John Bolton Is Still Wrong About Iraq
Bolton says the Bush administration's biggest error in Iraq was failing to invade Iran too. That's madness.

Twenty years after the disastrous American invasion of Iraq, one of the war's chief architects says the Bush administration's biggest error was not making the conflict an even bloodier, costlier catastrophe.
Writing in National Review, former Bush and Trump adviser John Bolton defends the decision to topple Saddam Hussein's regime and expresses regret for only one aspect of the decadeslong debacle: that America didn't use the opportunity to destabilize Iran too. Having already invaded Afghanistan and Iraq, Bolton writes, the Bush administration should have tried to go three-for-three and "seek regime change in between, in Iran, before Tehran's own WMD programs neared success."
"Unfortunately," he concludes, "as was the case after expelling Saddam from Kuwait in 1991, the United States stopped too soon."
It takes a special kind of hubris and a serious shortage of respect for the lives of other human beings to sit here, in the year 2023, and argue that the real problem with America's post-9/11 wars is that they didn't go far enough. The war in Iraq was a humanitarian and strategic disaster for the United States. It was "one of the most grievous errors in superpower history," as Brian Doherty wrote in the March issue of Reason. "Mendacious in its beginnings, incompetent in its aftermath, and downright criminal in the death and civilizational wreckage it caused, the Iraq War was a catastrophe America has not yet properly reckoned with."

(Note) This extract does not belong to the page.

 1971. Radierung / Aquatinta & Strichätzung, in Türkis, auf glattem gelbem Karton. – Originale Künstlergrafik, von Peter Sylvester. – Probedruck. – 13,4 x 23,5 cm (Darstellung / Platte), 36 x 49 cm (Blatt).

If Bolton has his way, we never will.
Still, the idea that Iraq could have been used to launch a regime-change effort in Iran is possibly only the second most unhinged argument in Bolton's National Review column. He also hand-waves away any responsibility that America ought to bear for the violence and disorder in post-invasion Iraq.

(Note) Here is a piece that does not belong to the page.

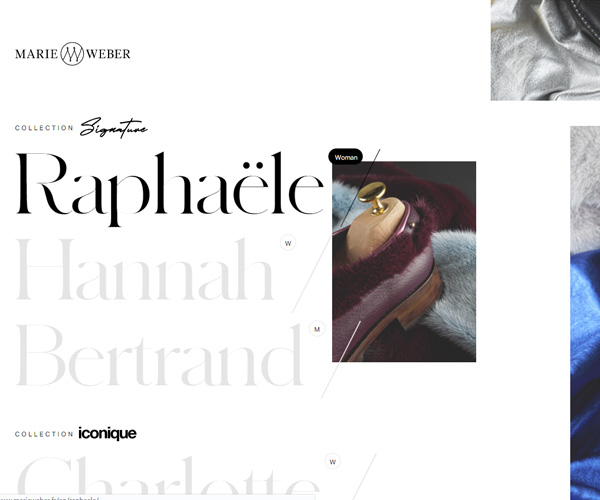 Marieweber是一家別樣皮鞋制作售賣的公司,頁面制作以設(shè)計產(chǎn)品為主,讓客戶一目了然,

The failure of the United States to prop up a functional and democratic government in Baghdad, Bolton argues, "is separable, conceptually and functionally, from the invasion decision. The subsequent history, for good or ill, cannot detract from the logic, fundamental necessity, and success of overthrowing Saddam, a threat to American national security since he invaded Kuwait in 1990."
This is a telling argument—one that reveals how Bolton has failed to learn even the most basic of lessons from the past 20 years, and one that ought to disqualify him from advising future administrations. Of course, it matters what comes after the decision to invade. Of course, any policy can be made to look like a success if you only focus on the positives—as Bolton does, praising the rapid victory of the U.S. military—while ignoring everything else.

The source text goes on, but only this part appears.